I am trying to implement a unranked boolean retrieval. For this, I need to construct a tree and perform a DFS to retrieve documents. I have the leaf nodes but I am having difficulty to construct the tree.
Eg: query = OR ( AND (maria sharapova) tennis)
Result:
OR | | AND tennis | | maria sharapova
I traverse the tree using DFS and calculate the boolean equivalent of certain document ids to identify the required document from the corpus. Can someone help me with the design of this using python? I have parsed the query and retrieved the leaf nodes for now.
EDIT: I am new here, so apologies for lacking clarity. I am basically trying to build a very naive search engine. So, the user enters any boolean query like: OR ( AND (maria sharapova) tennis). I have a corpus of wikipedia documents that gets displayed to the user depending on the query you type.

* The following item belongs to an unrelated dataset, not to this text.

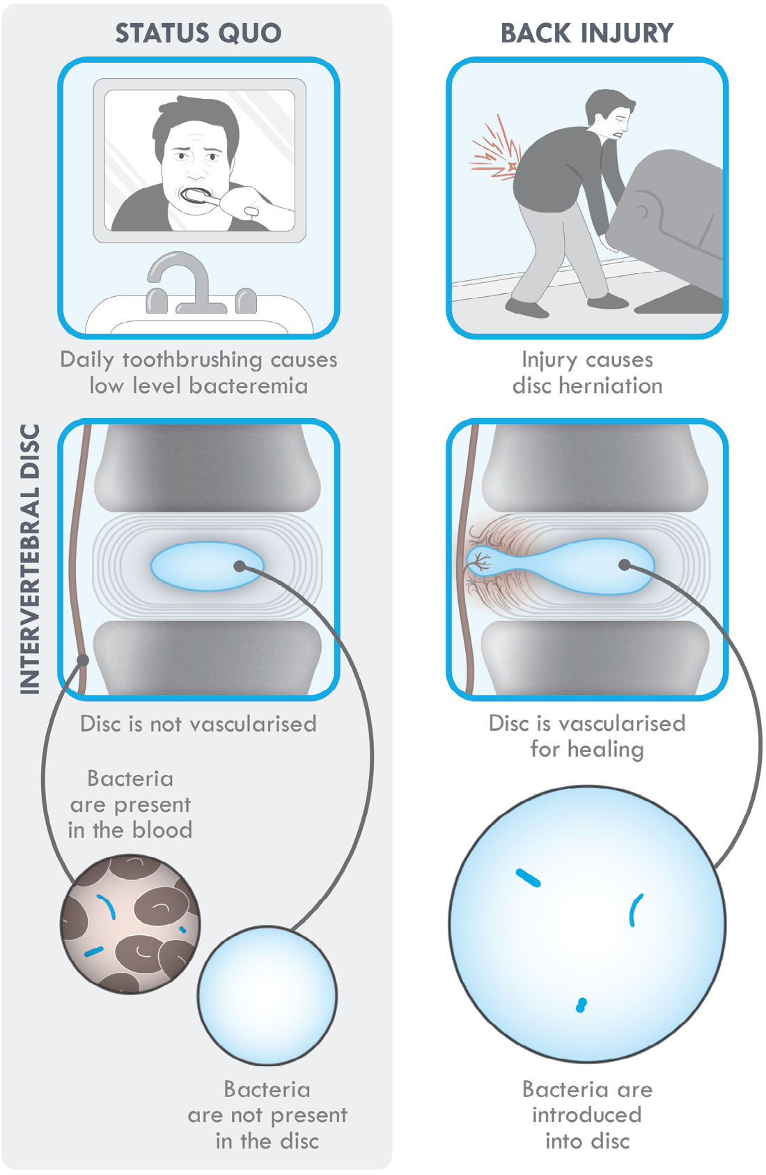 Microbiology studies suggest that approximately 50% of spinal discs with adjacent Modic changes are infected with bacteria, with Cutibacterium acnes (C. acnes) responsible for 80% of these infections. Infection can occur during the healing process after disc herniation or injury as the area becomes vascularized to support repair. During this phase, bacteria may infiltrate the disc, leading to a chronic low-grade infection that causes inflammation, bone degradation ultimately resulting in vertebral oedema observed as Modic changes (figure 1).

Till now, I have parsed the query to retrieve individual operators (like OR, AND, etc). And, the individual search terms(maria, tennis, etc). The code for parsing is just a function that would basically group all the operators and query terms as typed. i.e (maria sharapova), (tennis), OR, AND. I parsed this function this way so as to create a tree bottom-up. Now, using the inverted lists for the corresponding keywords like tennis, maria, sharapova, etc I perform the boolean operation with the inverted list to get a certain "documentid". This documentid is then passed to an API which would then retrieve the correct wikipedia page.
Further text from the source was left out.